» Exercise instructions
Return all the data exactly, keeping the pictures out.

-------- Source material --------

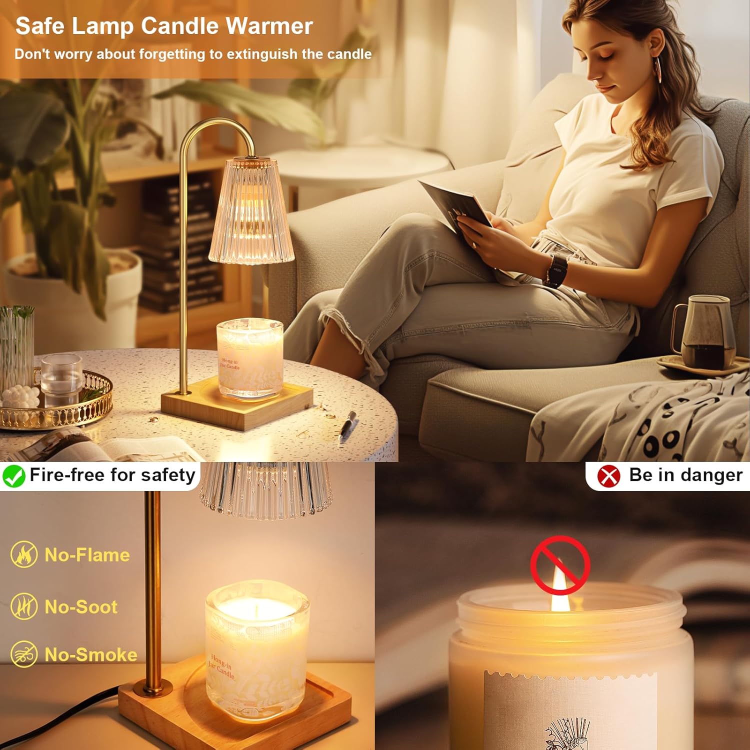 【Dimmable Candle Warmer Lamp with Timer】The candle melts from top to bottom and the candle warmer light emits the scent quickly, allowing the scent to fill the room, making it the perfect room decor aesthetic lamp. The lamp candle warmers adjusts the melting speed with a switch, the higher the setting, the faster it melts. There are 4 light-up effects (10%-30%-70%-100% ) and 3 timing time options (2H/4H/8H) to meet your individual needs.
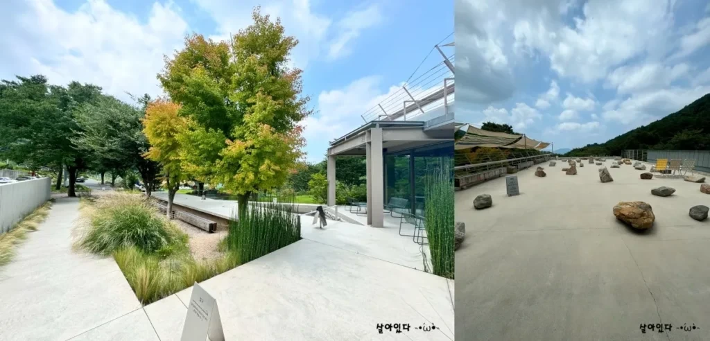 카페 내부는 2층 구조로 되어 있으며, 2층은 노키즈존으로 운영됩니다. 1층에는 일반 테이블 좌석과 신발을 벗고 앉는 좌식 테이블이 마련되어 있어, 어린이들과 함께 오면 편리합니다. 야외 테이블도 다양한 형태로 준비되어 있지만, 그늘막이 많지 않아 여름철에는 실내에서 식사하는 것이 좋습니다. 애완동물 동반은 불가능하니 참고하세요.
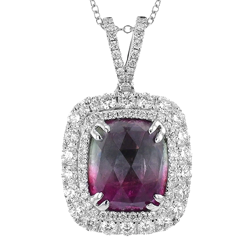 This lovely pendant features a rectangular opaque 9.40 ct paraiba tourmaline center stone, surrounded by a double halo- the inner halo has .43 ctw of white diamonds, and the outer halo contains 1.85 ctw of blue sapphires.

--------

» Solution to the exercise
 【Dimmable Candle Warmer Lamp with Timer】The candle melts from top to bottom and the candle warmer light emits the scent quickly, allowing the scent to fill the room, making it the perfect room decor aesthetic lamp. The lamp candle warmers adjusts the melting speed with a switch, the higher the setting, the faster it melts. There are 4 light-up effects (10%-30%-70%-100% ) and 3 timing time options (2H/4H/8H) to meet your individual needs.
 카페 내부는 2층 구조로 되어 있으며, 2층은 노키즈존으로 운영됩니다. 1층에는 일반 테이블 좌석과 신발을 벗고 앉는 좌식 테이블이 마련되어 있어, 어린이들과 함께 오면 편리합니다. 야외 테이블도 다양한 형태로 준비되어 있지만, 그늘막이 많지 않아 여름철에는 실내에서 식사하는 것이 좋습니다. 애완동물 동반은 불가능하니 참고하세요.
 This lovely pendant features a rectangular opaque 9.40 ct paraiba tourmaline center stone, surrounded by a double halo- the inner halo has .43 ctw of white diamonds, and the outer halo contains 1.85 ctw of blue sapphires.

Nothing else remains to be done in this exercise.